La vaccinazione è un dovere di ogni cittadino responsabile, ma per noi può divenire un obbligo solo attraverso una legge, nel rispetto dell’articolo 32 della Costituzione, e non con un accordo tra le parti sociali. Il governo, i partiti assumano le loro responsabilità senza scaricarle sul sindacato. Un governo che deve darci molte risposte, a partire dal finanziamento del fondo Inps, non più attivo dall’inizio del 2021, per la copertura retributiva e contributiva al lavoratore in quarantena obbligatoria.
Confindustria vuole coinvolgere il sindacato nella responsabilità delle discriminazioni e dei possibili licenziamenti di lavoratori sprovvisti di green pass. Bonomi rimuove la mancata applicazione in tante realtà produttive del protocollo sicurezza, così come le molte violazioni all’avviso comune contro i licenziamenti.
Tanta fastidiosa supponenza punta a nascondere le responsabilità del padronato: nella prima fase della pandemia, infatti, i padroni hanno ottenuto di lasciare aperte quasi tutte le attività produttive, con le gravi conseguenze che conosciamo. Non dimentichiamo i seimila morti della Val Seriana, la strage nelle Rsa, i tanti decessi per la mancata prevenzione, per una sanità pubblica svalorizzata da decenni in favore del privato. Oggi come allora per “lorsignori” la priorità non è la salute, ma la produzione e l’interesse aziendale. Mai una parola di denuncia a fronte di oltre mille morti sul lavoro, mai niente sul mancato rispetto delle leggi su salute e sicurezza, sullo sfruttamento, il lavoro precario e in nero.

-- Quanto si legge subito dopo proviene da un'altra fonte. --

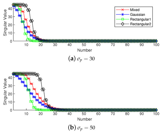 It is found that the shapes of singular values in descending order shown in Figure 1 are similar to the shapes of their weight. The singular values of the original sensing matrix are all the same and equal to , and the singular values of rectangular type scan be clearly divided into two parts: the values of the smaller part are all near zero, and those of the larger part have the same value as —they are of Gaussian type and have a similar shape to the folded normal distribution, with most of them being near to zero. In general, the weighted sensing matrix is near low-rank when the weight is concentrated.
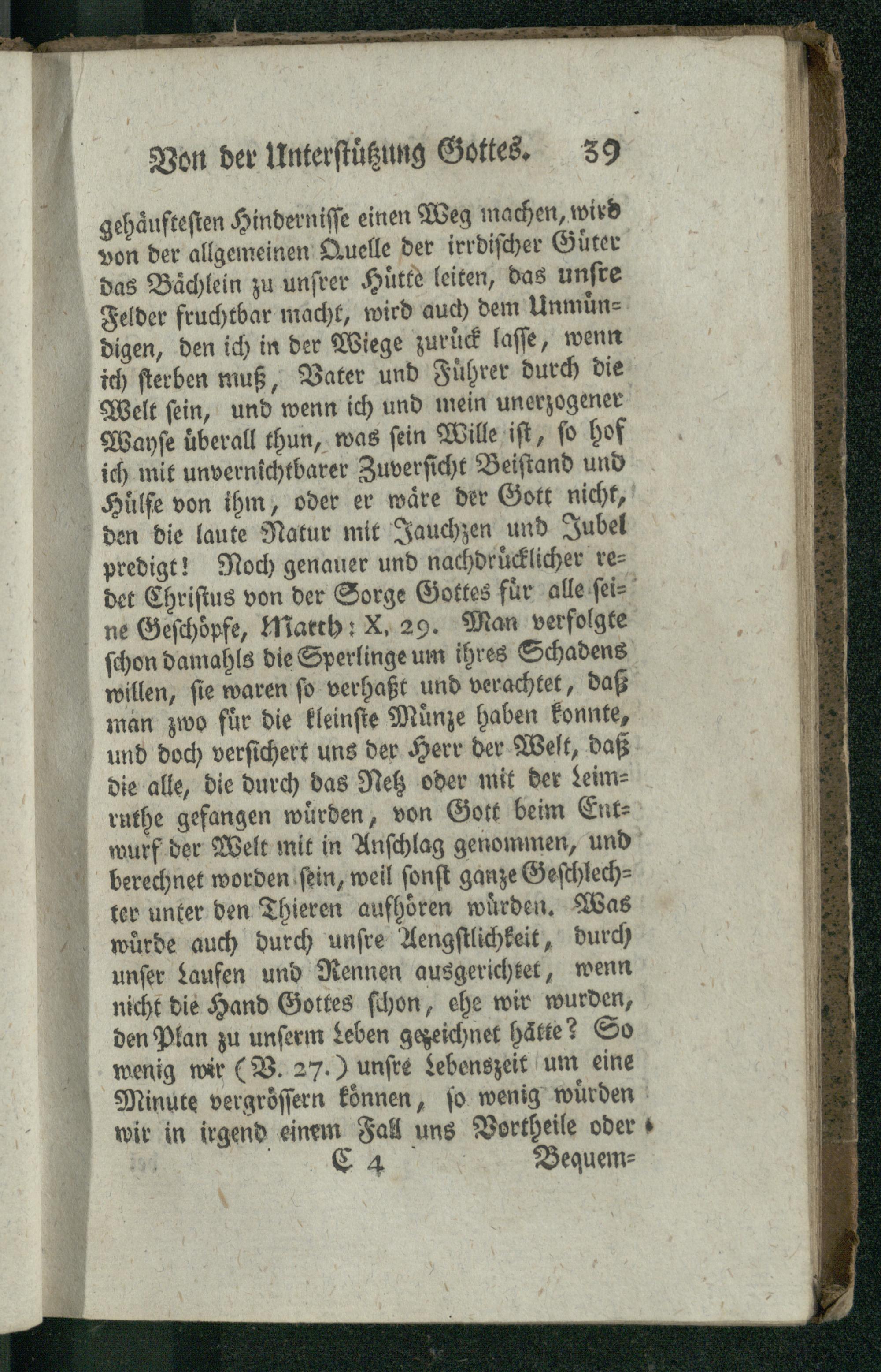 I. Von der Vorsehung. Ueber die Vorsehung Gottes.

La cultura liberista della Confindustria bonomiana è antisociale, si fonda sull’antipolitica e sul disprezzo del Parlamento. Al centro della sua visione di società ci sono gli interessi corporativi dell’impresa e del mercato; il sindacato e il governo dovrebbero essere al servizio di una Confindustria sempre meno rappresentativa. La Costituzione, per questi “imprenditori coraggiosi”, deve fermarsi ai cancelli dei luoghi di lavoro. Usano ogni mezzo per tentare di delegittimare il sindacato. Al centro c’è sempre lo scontro tra capitale e lavoro che si inasprisce sulla gestione delle ingenti risorse del recovery fund, sulla riforma fiscale, sugli ammortizzatori sociali, sul ruolo dello Stato in economia, sull’idea di Paese e di società.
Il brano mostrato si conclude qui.